Figure C.1 presents variance vs. wavelength results for the CHAR model across four distinct timescales together with the observed variance values. Model parameters are: ṁ = 0.1, M_BH = 10⁸ M_⊙, α = 0.5 and δ_mc = 1.32. A Q_mc PSD ∝1/f^β is adopted, where β ranges from 0.6 to 2.0. A PSD with β = 0.6 better represents the observed variance versus wavelength across the four studied timescales.

Fig. C.1. The variance-wavelength relationship for the CHAR model for four timescales exploring a PSD ∝1/fβ with β ranging from 0.6 to 2. The plots display multiple linear regressions, as indicated in the legends, showing the influence of different PSDs on the model behavior. Green pentagons represent observed median ZTF variance values, with error bars indicating root-mean-squared scatter.
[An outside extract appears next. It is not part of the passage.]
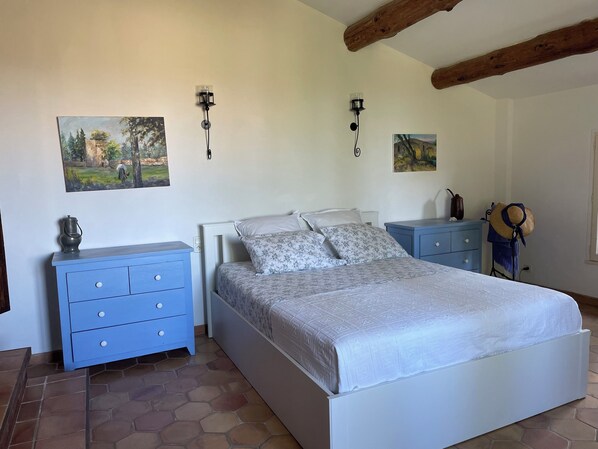 We had stayed at this location last September and enjoyed it so much that we returned this year for a longer stay of 16 days. Communication with the owner and her agent was easy and fast. We love the privacy and great views of the vineyards from the elevated location of the house. We watched the "vendage" (picking of the grapes), from the porch while enjoying an outdoor lunch. The house is well equipped with all the appliances and basic supplies provided. While it is a bit of a walk to the small town of Vacqueyras, it is an easy drive to supermarkets, restaurants, and neighbouring towns. There are great walks through the vineyards in the area.

Appendix D: Impact of dimensionless viscosity parameter on variance-wavelength patterns in the CHAR model

Figure D.1 presents variance as a function of rest-frame wavelength for the CHAR model for values of the dimensionless viscosity parameter (α) ranging from 0.1 to 0.8, for all timescale studied. Model parameters are: ṁ = 0.1, and M_BH = 10⁸ M_⊙, β = 0.6 and δ_mc = 1.32. Observed variances are also included. It can be seen that as α increases, the slope of the variance-wavelength relationship becomes flatter. Among these, α = 0.5 was identified as the best value, providing the closest match to the observed variance across all timescales studied.

Fig. D.1. Variance-wavelength relationship for the CHAR model examining varying α values from 0.1 to 0.8. The displayed multiple linear regression models indicated in the legend, show how the model responds to different α values. Additionally, green pentagons represent observed ZTF median variance, with error bars indicating root-mean-squared scatter.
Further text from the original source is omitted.